Friday, April 25, 2014
BOSTON - As prosecutors weigh charges in the Boston Marathon bombings, the same laws used successfully in deadly terrorist acts such as the Oklahoma City bombing and the first World Trade Center attack may be at the top of their list.
In a photo provided by amateur photographer and Taunton, Mass., resident Bob Leonard, suspects Dzhokhar and Tamerlan Tsarnaev are clearly visible in the background, side by side and wearing baseball caps.
Bob Leonard/The Associated Press
For complete coverage of the Boston Marathon bombings and manhunt, click here.
Terrorism cases brought over the past 20 years show there are a number of federal statutes that could be applied, including counts of conspiracy to use or actual use of a weapon of mass destruction, both of which are punishable by death.
Dzhokar Tsarnaev, the 19-year-old suspect in the Boston attack, is being held in a Boston hospital where he is in serious condition after being taken into custody Friday. In the April 15 bombing, three people were killed and more than 170 injured by two explosions seconds apart near the finish line.
The suspect's elder brother, Tamerlan, 26, was later killed in a confrontation with police. The two men were pursued as part of a sprawling four-day manhunt, during which one police officer was killed and another wounded in exchanges of gunfire.
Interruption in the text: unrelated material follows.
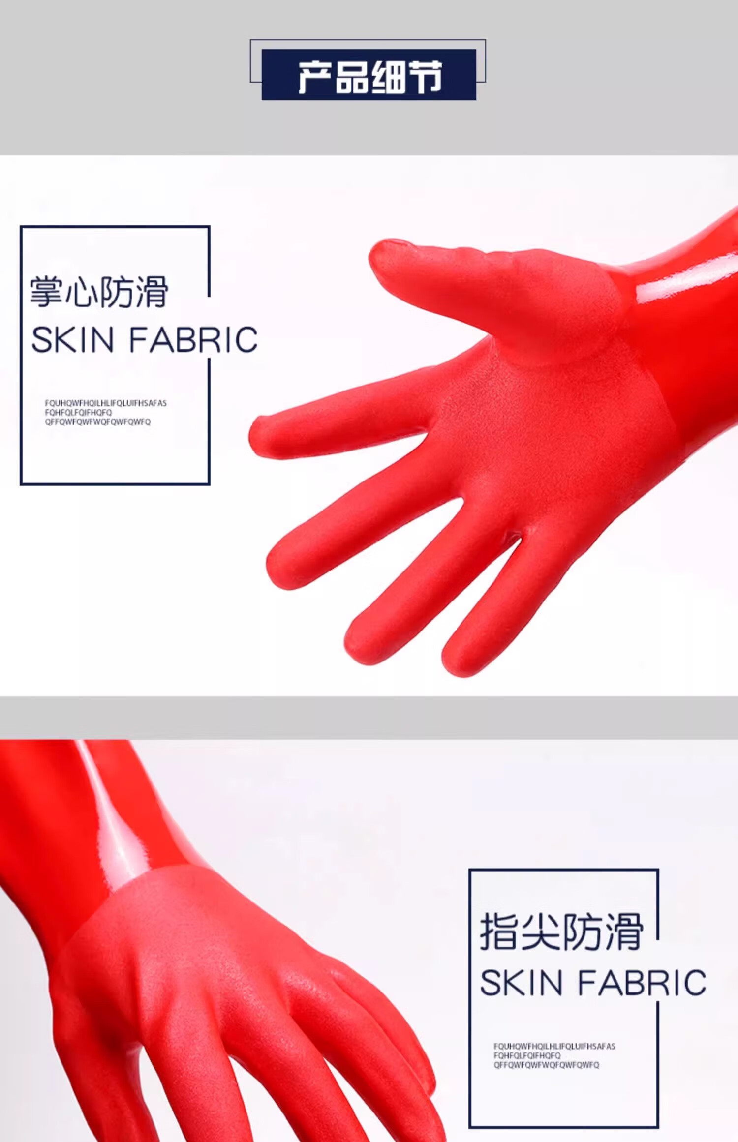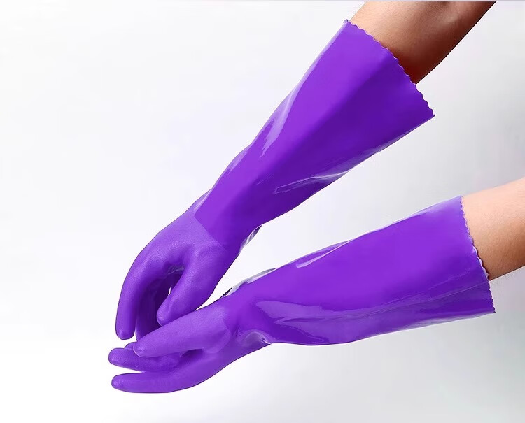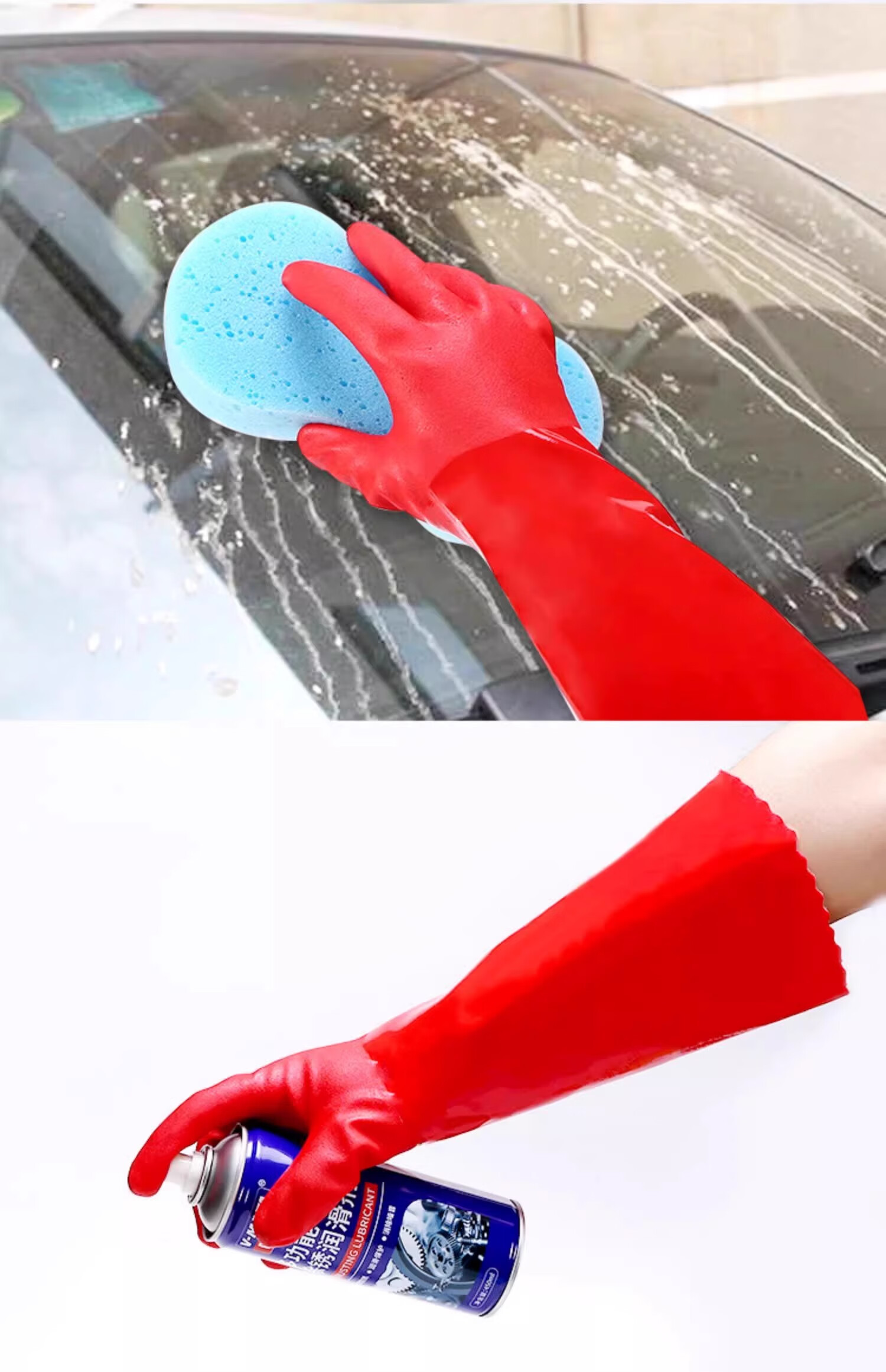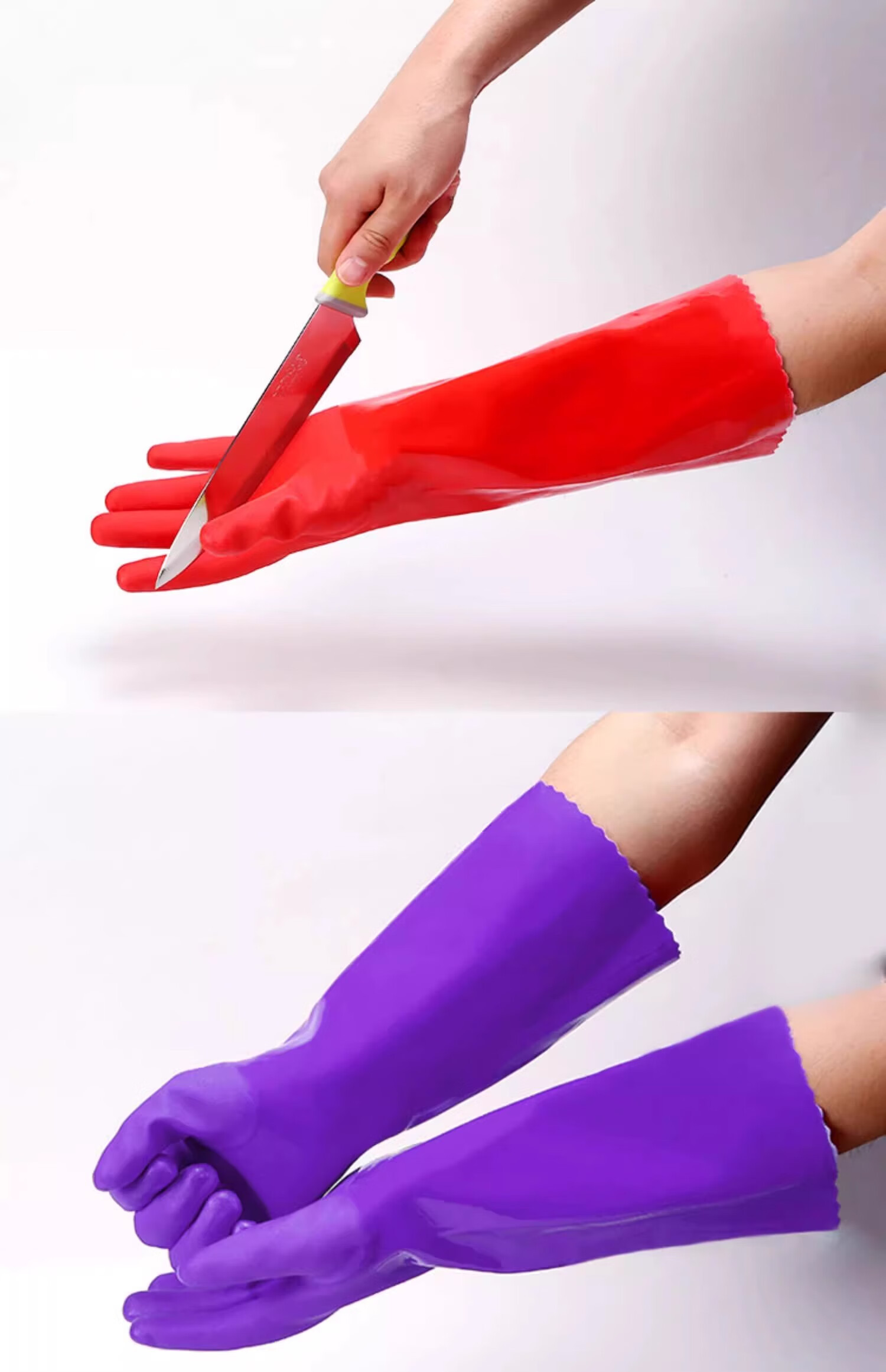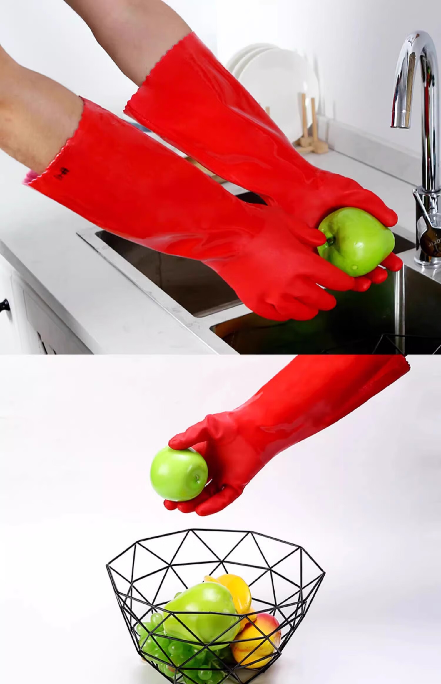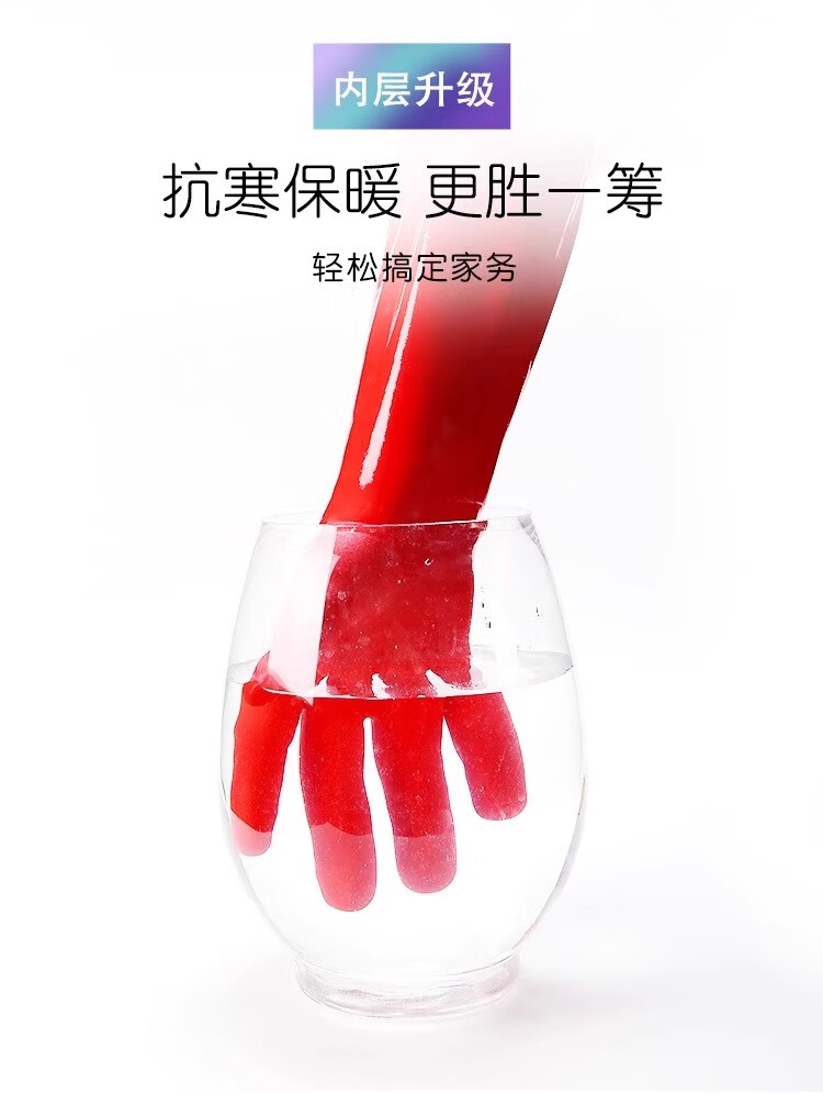 Dishwashing gloves, housework, kitchen, durable, velvet, thickened rubber, women's rubber, waterproof, extended rubber, washing clothes and washing dishes, red one-piece velvet (40cm), 1 pair, one size fits all

Even in cases matching the brutality of the Boston bombings and their aftermath, there is a mixed record of those prosecuted under federal terror statutes when it comes to obtaining a sentence of life, or death. The one consistent thread over the years, however, has been that most cases result in convictions.
Timothy McVeigh, accused in the 1995 Oklahoma City bombing, was found guilty of 11 crimes, including conspiracy and the use of a weapon of mass destruction for detonating a bomb outside a federal building that killed 168 people and injured more than 800.
Ramzi Yousef, who assembled a team of colleagues and the supplies to build a 1,200-pound bomb used in the 1993 World Trade Center bombing, was convicted of conspiracy and other terrorism charges for the attack which at the time was the worst terrorist incident ever on U.S. soil.
McVeigh was executed, while Yousef was sentenced to life plus 240 years in prison for the bombing, which killed six and injured more than 1,000. His sentence also stemmed from his role in a separate plot to bomb more than a dozen U.S. jetliners over the Pacific during the same day.
Yousef is serving his sentence in the federal Administrative Maximum facility in Florence, Colo., the same facility that houses McVeigh's co-conspirator, Terry Nichols, who is also serving a life term.
Faisal Shahzad, accused of a foiled plot to blow up his Nissan Pathfinder in New York's Times Square on May 1, 2010, was charged with conspiracy to detonate an improvised explosive and incendiary device; attempted use of a weapon of mass destruction; using a destructive device in connection with an attempted crime of violence and possession and use of a firearm, as well as attempted act of terrorism transcending national boundaries.
Shahzad, a former financial analyst, would later plead guilty and admit to receiving training and funding from the Pakistan Taliban. He was sentenced to life in prison.
Adis Medunjanin, charged in a conspiracy to detonate bombs in New York City subways, was indicted on a weapon of mass destruction count and other terrorism charges. He was convicted and sentenced to life in prison.
The blasts near Boston's Copley Square occurred as thousands of marathon runners were finishing the race. Among the dead was an 8-year-old from the Dorchester neighborhood, Martin Richard. The family of Krystle Campbell of Medford, Mass., identified the 29-year-old as another person who died in the blast. The third person, Lu Lingzi, was a graduate student at Boston University, the school said.
Of the injured, many were hospitalized with lower-extremity wounds from bombs laden with pellets and nail-like shrapnel. At least 11 people underwent amputations, hospital officials said.